2.7.3. How will Sequedex be improved?

  • Updated and improved trees (eukaryotes, mitochondria, plastids, archaea, viruses, phages, species-level resolution).
  • Better functional classifications (eukaryotes, improved definitions of functional classifications, better annotation of gene function).
  • Curation of signature lists to eliminate low complexity signatures, signatures that do not connect orthologs, and mis-called genes.
  • Improve the output of peptide fragments on the basis of phylogeny and function, both unaligned and aligned to reference proteins. This will be useful both for assembly, enzyme mining, and more accurate phylogenetic assignments.
  • Differentiate deeply branching signatures resulting from conservation and horizontal gene transfer.
  • Compare metagenome richness and diversity on the basis of metagenomic data, with only weak dependency on the reference database.
  • Identify and annotate signatures on the basis of metagenomic data, with only weak dependency on the reference database.

Sequedex is designed to operate with different signature databases. At present the only databases for public release are the one-per-genus bacterial tree: bact404, the one-per-species tree of life, Life2550, and the one-per-species viral tree, virus1252. This bact404 database was used to produce the data in the paper. Please contact the authors if you have unique access to data that could make use of the broader databases and if you are interested in collaborating on the initial papers.

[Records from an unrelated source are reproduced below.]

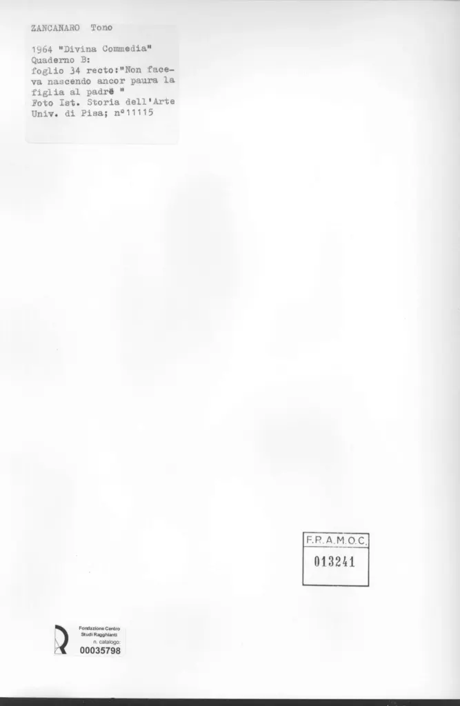 Zancanaro, Antonio, "Divina Commedia": quaderno B, foglio 34 recto: "Non faceva nascendo ancor paura"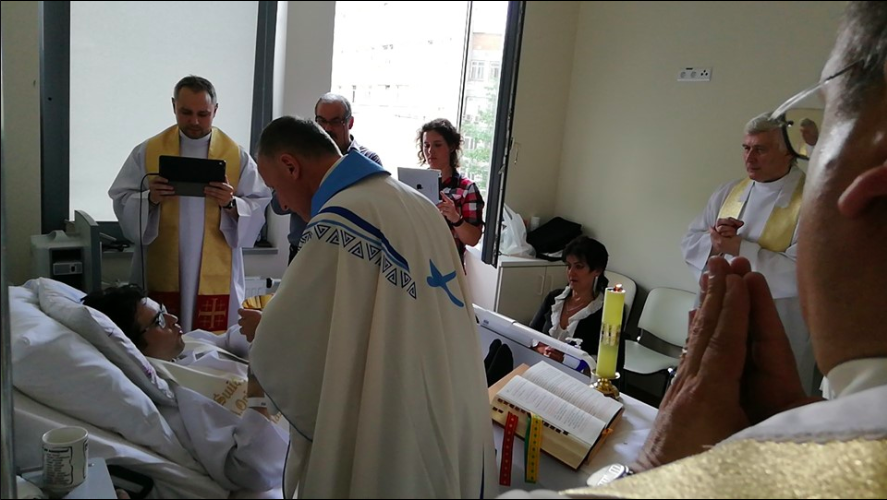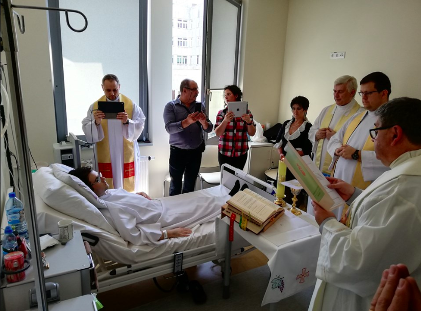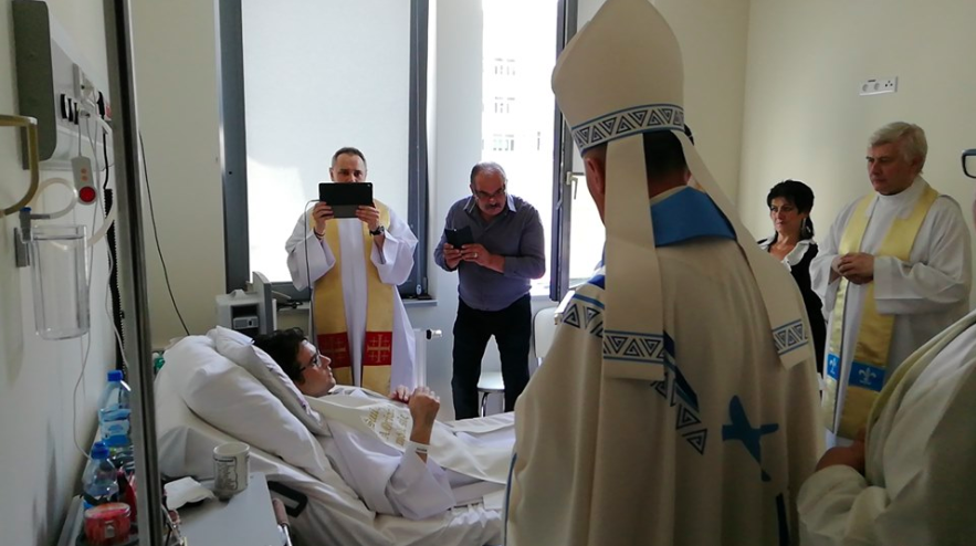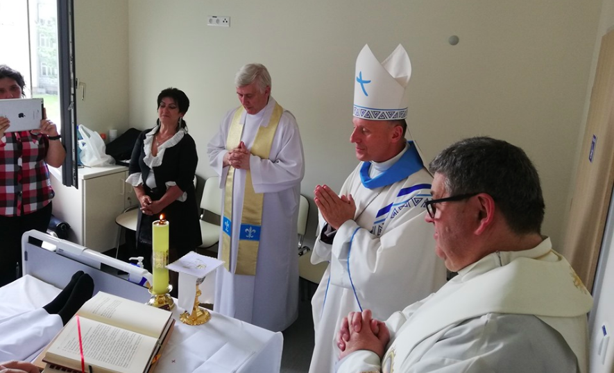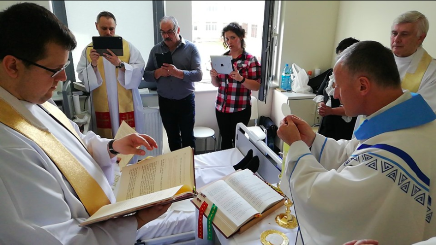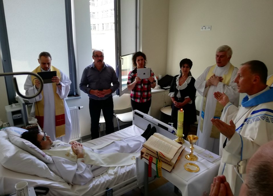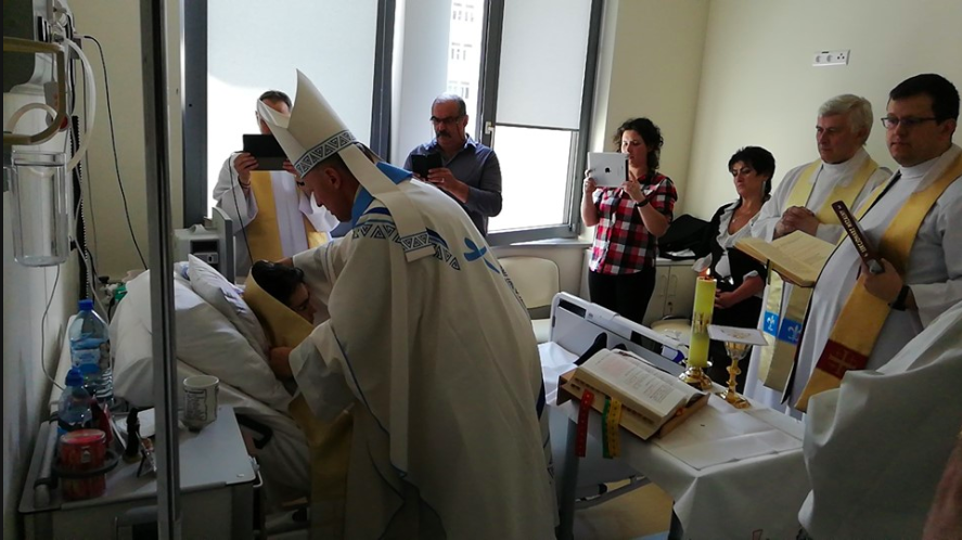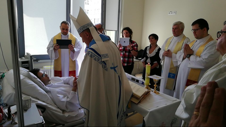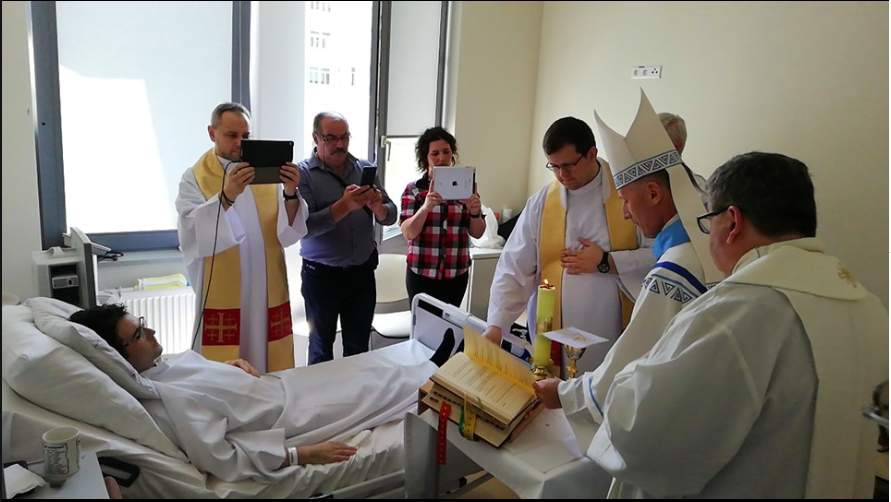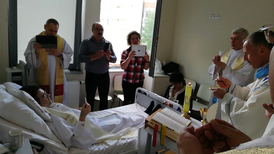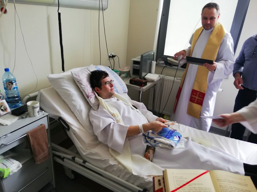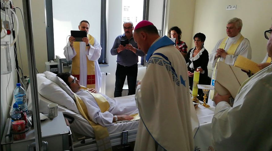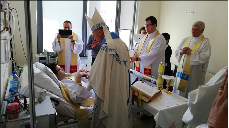 Thanks to Pope Francis’ prior approval, the Auxiliary bishop ordained the now-Fr. Michał in his hospital bed, first to the diaconate and to then to the priesthood.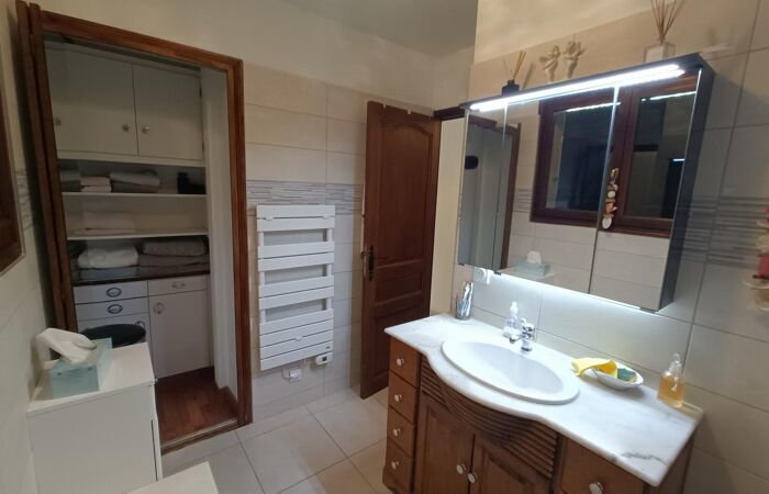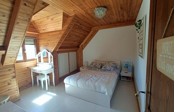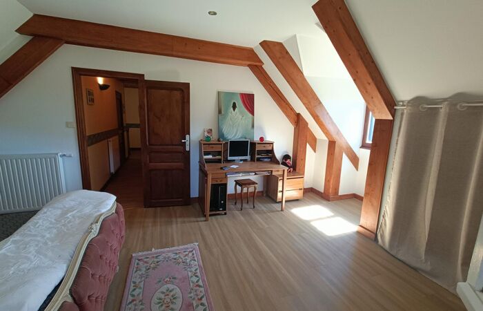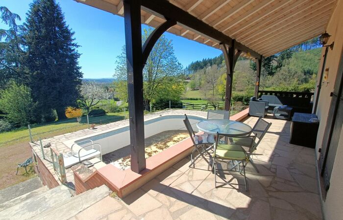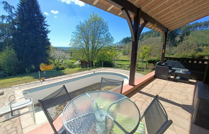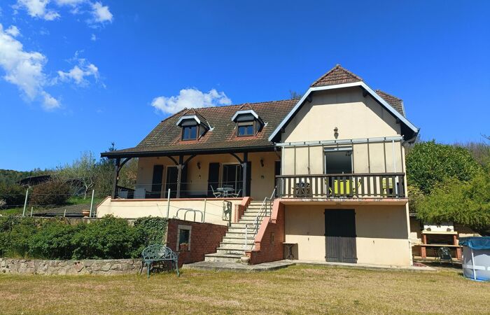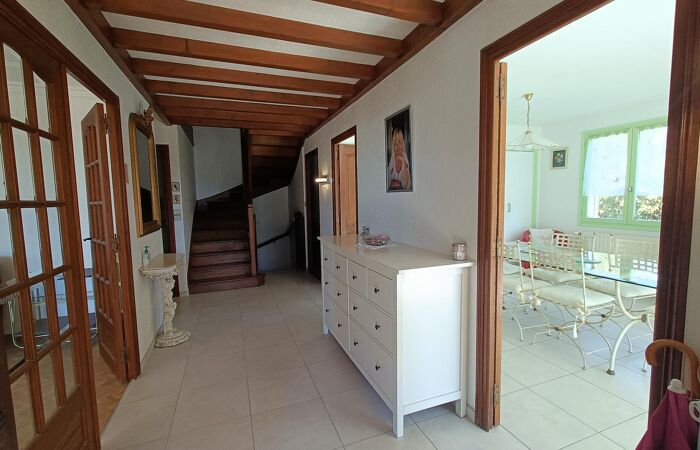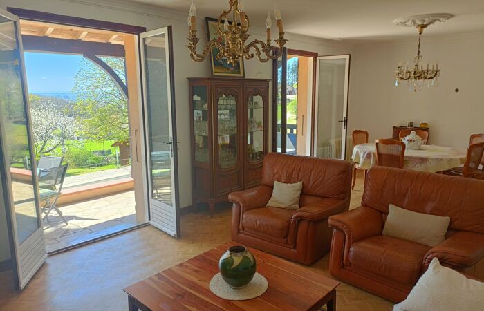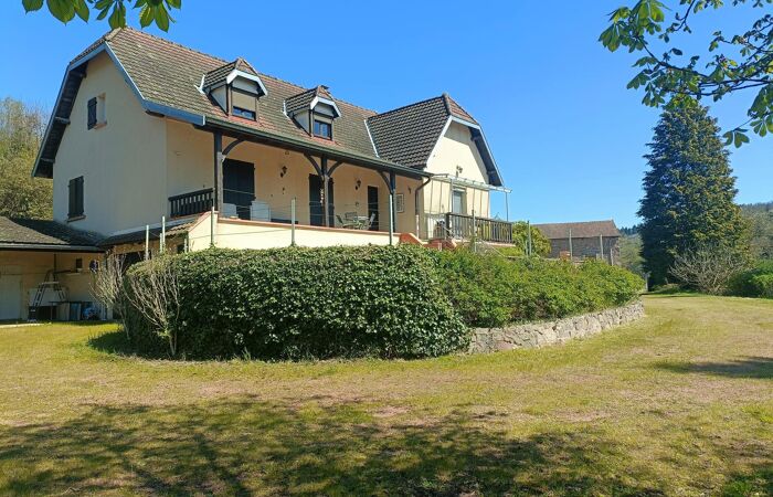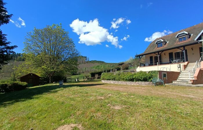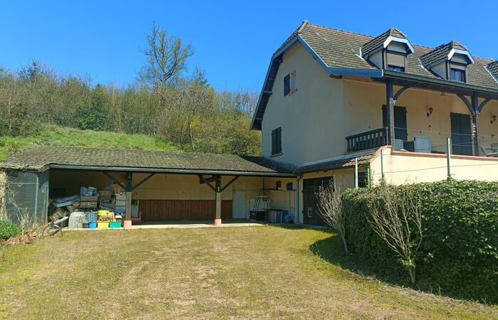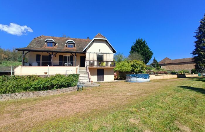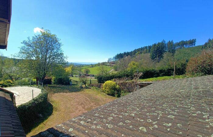 Réf 04- 5229 EXCLUSIVITÉ. A Chauffailles 71170, dans un environnement champêtre et très calme bénéficiant d'une belle vue dégagée, Magnifique maison de 206 m² construite dans les années 90, comprenant au 1er niveau un vaste hall d'entrée, un grand séjour de 32 m² ouvrant sur une terrasse plein sud et abritée, une cuisine toute équipée de 23 m² avec balcon et toile tendue, 2 chambres, une salle d'eau rénovée, wc séparé. Au deuxième niveau, 3 chambres supplémentaires de belle taille, un grand placard/dressing indépendant (qui pourrait devenir une salle de bains), petit grenier attenant. En rez-de-jardin un abri pour 3 voitures, un grand garage, cave, buanderie/chaufferie carrelée avec évier et douche, pièce de réception carrelée de 35 m² avec bar et cheminée foyer ouvert. A l'extérieur, cour en graviers, espaces paysagés en terrasses, pelouse, une terrasse de plain pied abritée par les arbres avec barbecue. Un joli terrain arboré et fleuri de 2141 m², une piscine de 8 mx4 à rénover ou à combler. Jardin clôturé avec portail automatique visiophone. Fenêtres double vitrage et volets bois. Chauffage central au Fioul, VMC double flux, Fosse septique. Plus de renseignements, Karine BAUDOIN au 06 26 79 83 95.

[1]Berendzen, J., WJ Bruno, JD Cohn, NW Hengartner, CR Kuske, BH McMahon, MA Wolinsky, G Xie, “Rapid phylogenetic and functional classification of short genomic fragments with signature Peptides”, BMC Research Notes, August, 2012 (http://www.biomedcentral.com/1756-0500/5/460/abstract)
[2]http://www.rdmag.com/Awards/Rd-100-Awards/2012/08/DNA-Defined-By-Ancestry/
[3]http://www.theseed.org
[4]Doolittle R.F. (In) Of URFs and ORFs: a primer on how to analyze derived amino acid sequences., University Science Books, Mill Valley, California, (1986).
[5]Lesk A.M. (In) Computational Molecular Biology, Lesk A.M., Ed., pp17-26, Oxford University Press, Oxford (1988).